= Groupe Le Duff =

French restaurant conglomerate

Groupe Le Duff is a French restaurant conglomerate, with holdings in Europe and the Americas, consisting of over 1,310 restaurants and bakeries. It includes Bridor, La Madeleine, Kamps, Mimi's Cafe, Pizza Del Arte, and Brioche Dorée.

The company was founded in 1976, by Louis Le Duff, with the opening of the first Brioche Dorée in Brest, France. As of 2014, the company had 28,000 employees and sales of € 1.5 billion.

Its headquarters are in Rennes, France.

== History ==
Louis Le Duff opened his first establishment with the Brioche Dorée sign in 1976 with the equivalent of €1,500 of personal contribution. He created the first "French-style" fast food establishment.

In 1983, Louis Le Duff diversified the group's activities with the creation of the "Pizzeria Lucio" chain which merged with the Pizza Del Arte brand, renamed Del Arte after its takeover from the Accor Group in 1996.

In 1984, the first Bridor factory opened in Montreal. Four years later the first hexagonal unit moved to Servon-sur-Vilaine in Ille-et-Vilaine.

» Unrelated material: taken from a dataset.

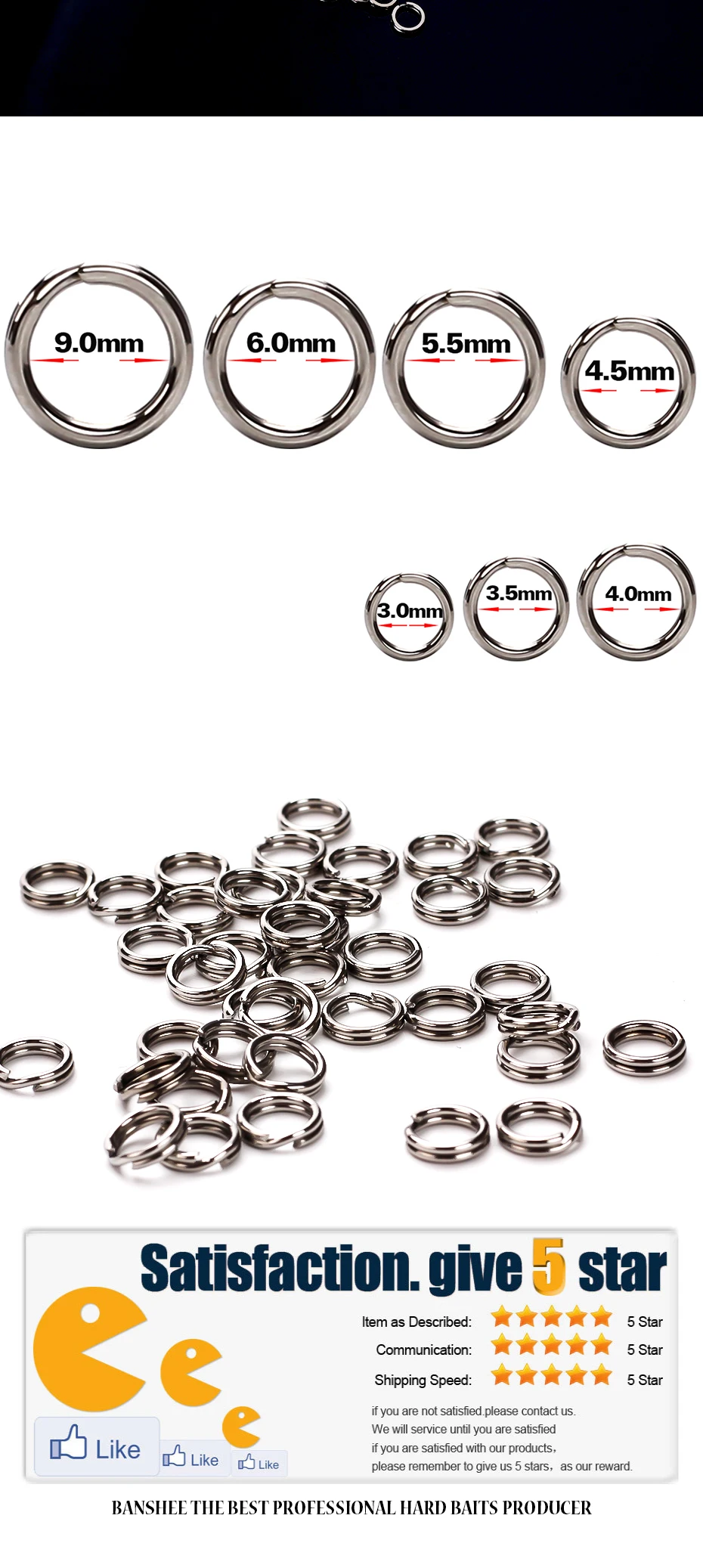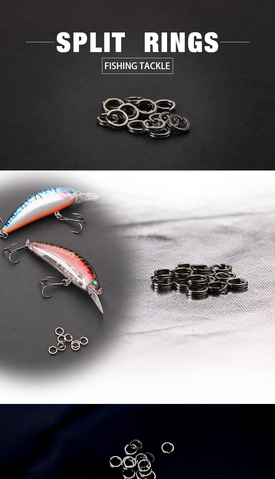 Banshee-anillo dividido de acero inoxidable resistente, Conector de pesca para señuelos, accesorios de pesca de 3/4/5/6/7/9mm, 60/100 Uds.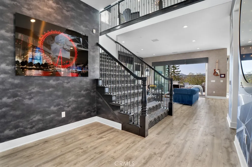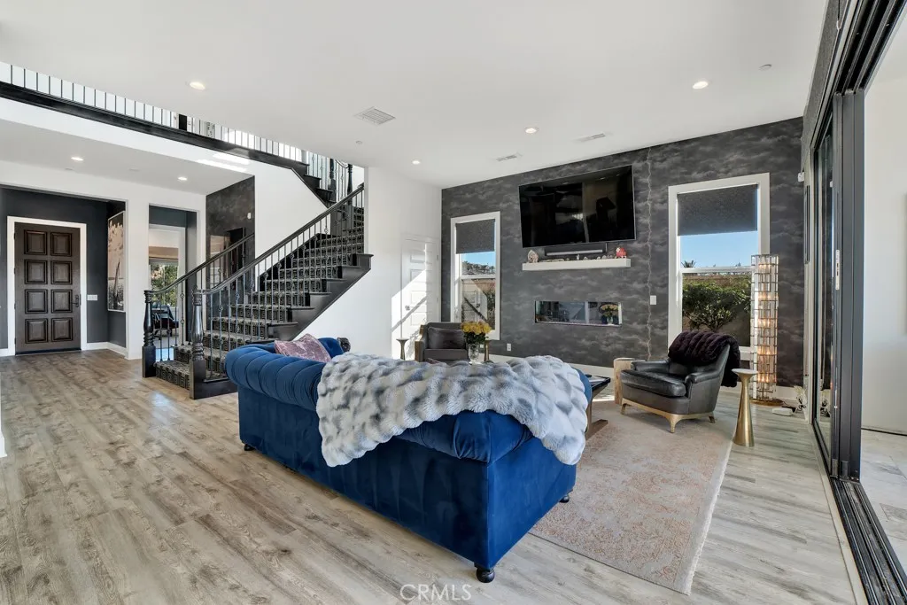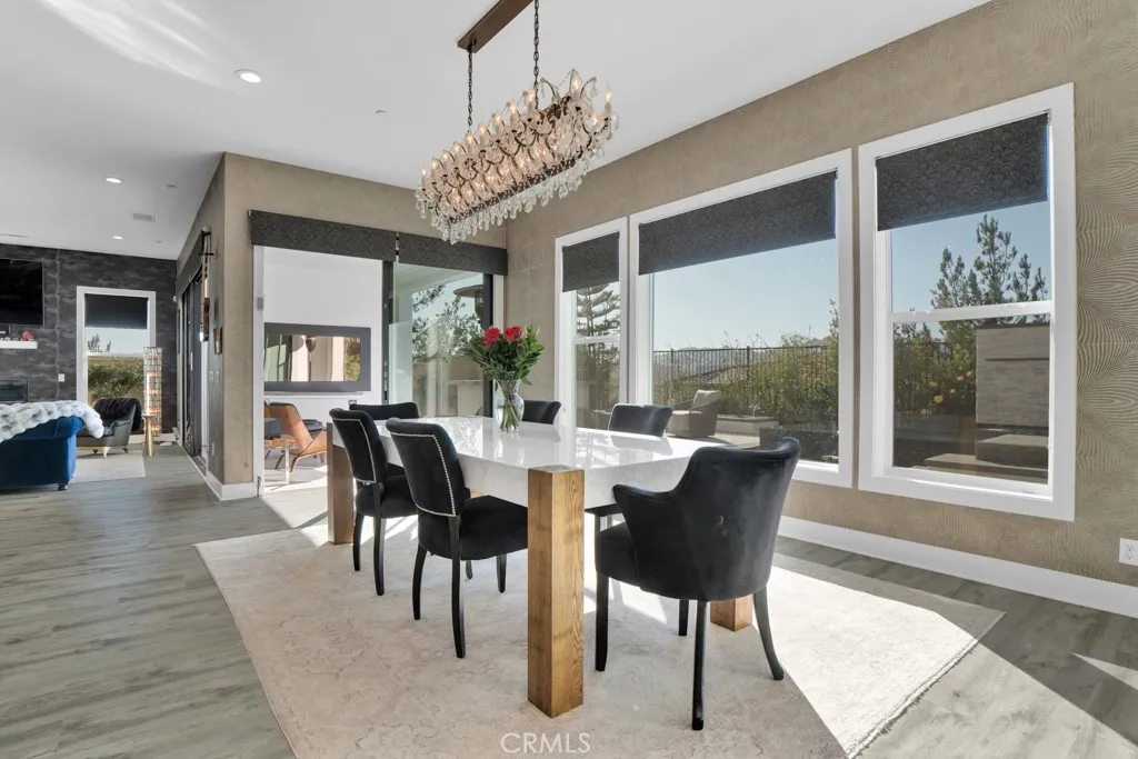 Nestled within the prestigious gated community of Avila, this exceptional residence offers approximately 3,560 square feet of refined living, thoughtfully designed with 4 bedrooms and 4.5 baths situated on a $100,000+ premium end lot with sweeping views from the mountains to valley, and only one neighboring home. Created in 2018, the home reflects a seamless blend of modern elegance, designer upgrades and custom finishes. From the moment you arrive, the striking curb appeal and professionally designed groundscrafted by Green Scene with over $350,000 invested and an award-winning spaset the tone for a truly elevated living experience. Inside, soaring volume ceilings and expansive windows fill the home with natural light, framing picturesque hillside vistas and breathtaking sunsets. The open-concept main living area is anchored by a chefs kitchen featuring stainless steel appliances, stone countertops, custom cabinetry, a walk-in pantry, and an oversized center island. The kitchen flows effortlessly into the dining area and family room, where a fireplace creates a warm yet sophisticated gathering space. Wall-to-wall sliding glass pocket doors open to a covered patio with a second fireplace and TV, creating a seamless indoor-outdoor lifestyle ideal for entertaining. The private backyard is a true resort-style retreat, complete with an award-winning spa. A highly desirable downstairs bedroom suite offers its own bath, perfect for guests, home office or multigenerational living. Upstairs, the home features multiple en-suite bedrooms, including a luxurious primary retreat with hi

In 1989, the Le Duff Group acquired the Fournil de Pierre brand. In July 2022, Le Duff acquired Lecoq Cuisine Corp., a Connecticut-based manufacturer of Viennese and French-style pastries.

== Le Duff America ==
Le Duff America operates the conglomerate's US restaurant chains. These consist primarily of La Madeleine Country French Café, Brioche Dorée, and Mimi's Cafe. Le Duff America is headquartered in Dallas, Texas. It was formed following the acquisition of Bruegger's by Groupe Le Duff in 2011, at the time naming Bruegger's CEO James J. Greco and CEO of Groupe Le Duff's prior American operations, Claude Bergeron, as co-CEOs of Le Duff America. Le Duff sold Bruegger's in 2017 to Caribou Coffee.

In 2018, MTY Food Group announced the acquisition of Timothy's World Coffee along with Mmmuffins from Le Duff America.